Will EU declaration help Sri Lanka's peace?

[TamilNet, Tuesday, 04 October 2005, 02:54 GMT]
The European Union’s (EU’s) announcement that it "will not receive members of the Liberation Tigers of Tamil Eelam (LTTE) in its member states until further notice," and is considering formally listing the LTTE as a terrorist organization has raised both controversy and questions over whether the move will aid or hurt the island’s stalled peace process.

It was only a week prior to the EU declaration the LTTE Peace Secretariat in a statement urged the international community, particularly the EU, against exerting pressure targetted only at the Liberation Tigers. “Ground realities notwithstanding, Colombo expects that the international community exert indiscriminate pressure on the LTTE. This pressure, the Sinhala ruling elites believe, would weaken the Tamil cause and we trust that the international community is aware of it. If the international community complies with what Colombo intends, then the Tamil people are made to feel being left alone in their struggle for justice,” the statement said.

The 43-month-old peace process has stalled and the ceasefire is under strain largely due to the lack of direction, consensus and continuity within the Sinhala polity, the failure to establish an interim administration structure, failure to implement the agreed joint structure to handle the tsunami disaster reconstruction efforts, the LTTE feels. The non-implementation of key clauses of the Ceasefire Agreement (CFA) by both sides including continuation of killings and violence, vacation of government troops from public places, restoration of normalcy in the war-affected lives of the people in the North and East, and the failure to disarm paramilitary groups are other key factors that have contributed to the lack of progress.

The failure to disarm paramilitary forces in the NorthEast has been largely blamed for the current crisis facing the Ceasefire Agreement.

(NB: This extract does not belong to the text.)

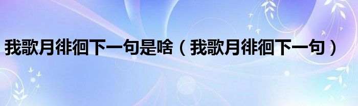 大家好,我是小科,我来为大家解答以上问题。我歌月徘徊下一句是啥,我歌月徘徊下一句很多人还不知道,现在让我们一起来看看吧!
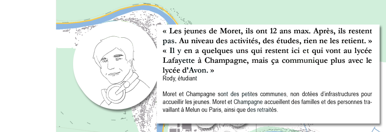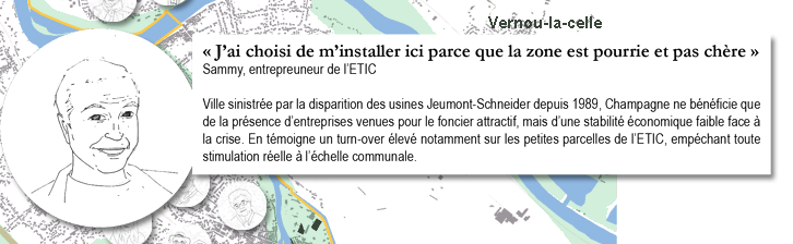 À l’échelle de la ville, on constate que l’ETIC crée une fracture dans le territoire, fragmentant spatialement les différents quartiers de Champagne et bloquant de possibles trames entre la ville et ses voisines Saint-Mammès et Veneux-les-Sablons.

The “shadow war” which started in the East after the current government took office last April has escalated and has spread to the Northern and Southern parts of Sri Lanka.

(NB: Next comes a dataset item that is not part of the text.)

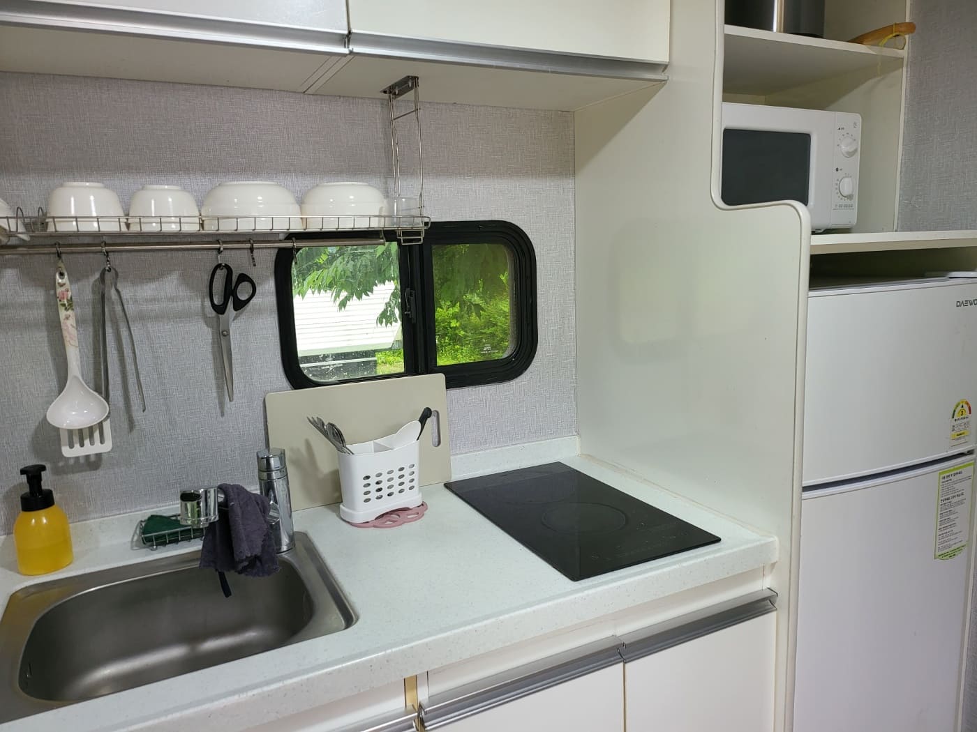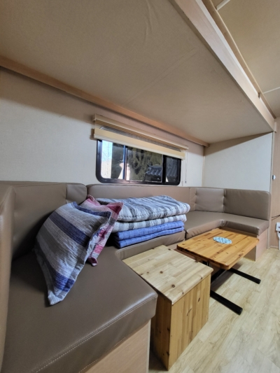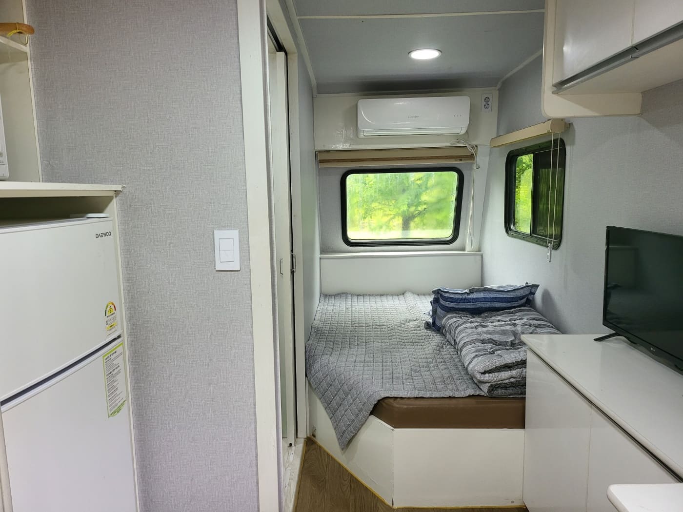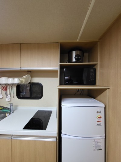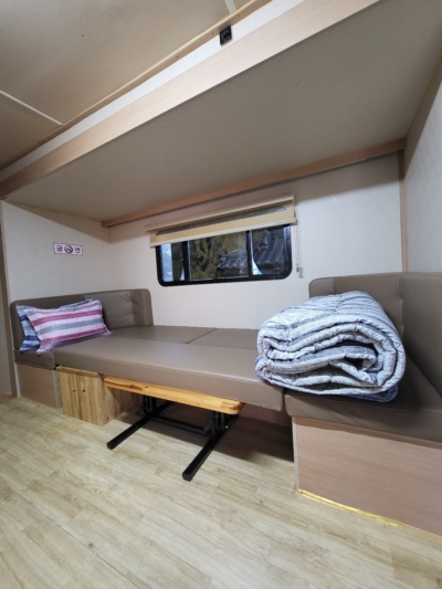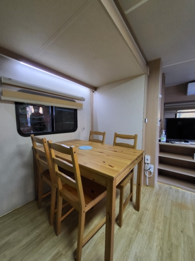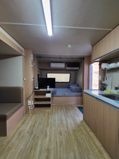 카라반 내부에 TV와 넓직한 침대, 벽걸이 에어컨이 설치되어 있으며, 가볍게 즐기실 수 있도록 주방도구와 인덕션, 전자밥솥, 전자레인지, 냉장고, 샤워실, 화장실 등이 준비되어 있습니다.

Noting the escalation of killings and violence, and increasing CFA violations, the Co-chairs released a statement warning that the peace process was “facing its most serious challenge since the Ceasefire Agreement came into force in February 2002.” The statement highlighted the need for the LTTE to stop its killings and the Sri Lankan government to disarm paramilitary groups.

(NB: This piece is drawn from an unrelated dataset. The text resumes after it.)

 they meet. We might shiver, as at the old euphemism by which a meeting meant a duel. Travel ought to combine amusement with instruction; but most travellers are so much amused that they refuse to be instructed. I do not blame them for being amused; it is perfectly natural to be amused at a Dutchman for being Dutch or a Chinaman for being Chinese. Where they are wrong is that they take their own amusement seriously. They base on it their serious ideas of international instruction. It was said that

While Sinhala polity is in a state of disarray, fractured across and within party lines, Tamil Tigers appear to have maintained their political, military and economic strength. It is suggested that EU was driven to target the stronger LTTE to bring balance between the parties in an effort to salvage the peace process.

The LTTE Head of the Political Wing, S P Thamilchelvan, has said the public statement by the EU has been counterproductive to the peace process and has harmed the LTTE-EU relationship. Recent Resurgence events organized by NorthEast Tamils brought out the message that they are already disillusioned with the peace process and the ceasefire agreement, and are also losing their trust with the EU.

Rather than helping to find a solution to the Tamil National question during what Tamil people see as critical and historic juncture of their struggle, blaming the Tamils for the current state of affairs is unwarranted, and a great tragedy, the Tamil National Alliance (TNA) parliamentarians have said.

Although many in the South feel both India and the US should play a larger role in the peace process, the proscription of the LTTE by these two countries will be a barrier to US or India becoming directly involved in the process. Proscription limits the political space in which peace process could be advanced.

UK's colonial past is often considered as one of the factors responsible for the current ethnic trouble in Sri Lanka. By playing an active role behind the EU declaration, UK too has lost the trust and confidence to be able to a play a meaningful role in the future of the peace process, analysts say.

In all attempts at conflict resolution, continued engagement of the warring parties is critical to sustain the process. Closing the door for engagement by placing constraints on one party, impedes adherence to this principle, proponents of peace argue. The EU, which until now has played a crucial, critical role in the peace process, has alienated itself from the peace process by its one-sided action.

Sri Lanka Government conducted campaign of “war for peace” and led by late Kadirgarmer convinced the international community that they were fighting a “terrorist group.” Sri Lanka's military defeat at the Jeyasukrui offensive and the loss of Elephant Pass marked the failure of "war for peace" and highlighted the new military balance between the two antogonists.

The Government of Sri Lanka is now regressing to its once failed policy, and the EU action will likely embolden the new government to embark on a more belligerent approach to resolving the Tamil National question. Tamil Guardinan, a UK expatriate publication, last week pointed out the inevitability of the Sri Lankan state favouring a military solution again. “The Tamils – and we suggest the international community, too – should brace themselves. It is inevitable that Sri Lanka will attempt a military solution again,” the editorial warned.

With the absence of face-to-face talks in over two years in what analysts have dubbed as a “hurting stalemate” in the peace process, partisan punitive actions by the EU is more likely to hasten the disintegration of the peace process rather than salvage it.